This tutorial is intended to cover some basics to get you started. In fact all we create here is a simple command line script to aggregate content frequently (e.g. just set up cron to run it every hour or so) into a database for later presentation.

Setting Up Database And Models

So what common data do I want for each entry in an Atom or RSS feed?

  1. Unique Identifier
  2. Author
  3. Title
  4. URL
  5. Publish Date
  6. Description
  7. HTML Content

Based on this, we can predict a decent Model for an Entry table in a database. More on that later, but for now, how to get this data from a feed? The first thing is to have a database or other source to get the URL for each RSS or Atom feed.
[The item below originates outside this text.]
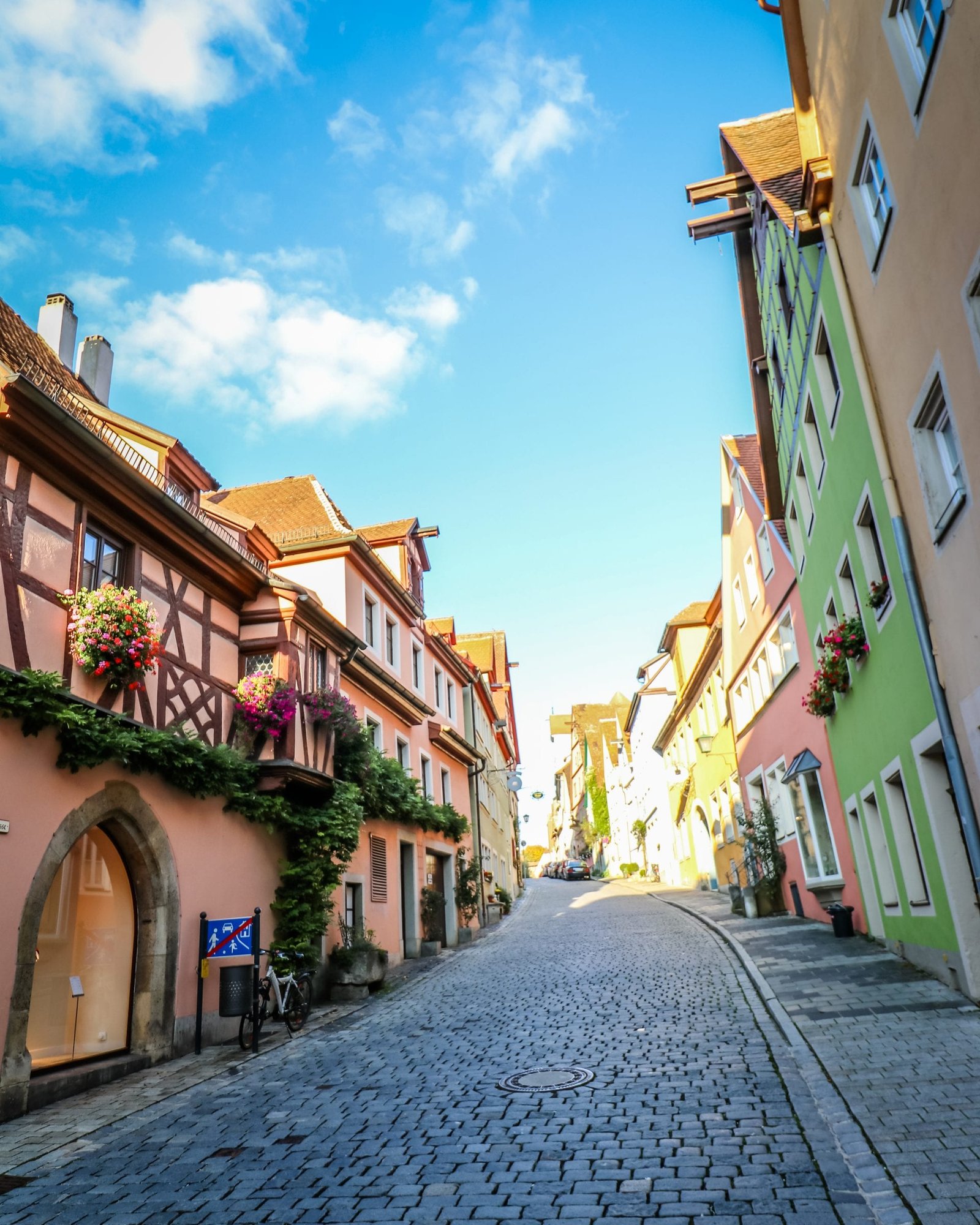 Cobblestone street and colorful buildings-Rothenburg ob der Tauber Germany

I’m using a MySQL table as follows:

[geshi lang=sql]CREATE TABLE IF NOT EXISTS `blog` (
`id` int(11) NOT NULL auto_increment,
`url` tinytext collate utf8_unicode_ci NOT NULL,
`feedurl` tinytext collate utf8_unicode_ci NOT NULL,
`title` tinytext collate utf8_unicode_ci NOT NULL,
`author` tinytext collate utf8_unicode_ci NOT NULL,
`modified` timestamp NOT NULL default CURRENT_TIMESTAMP on update CURRENT_TIMESTAMP,
PRIMARY KEY (`id`)
) ENGINE=InnoDB DEFAULT CHARSET=utf8 COLLATE=utf8_unicode_ci;[/geshi]
You can insert into this table as you wish. One row per blog you intend aggregating. Here’s some sample data:

url: http://blog.astrumfutura.org
feedurl: http://blog.astrumfutura.com/feeds/index.rss2
title: Maugrim The Reaper’s Blog
author: Pádraic Brady

The other fields update without manual intervention.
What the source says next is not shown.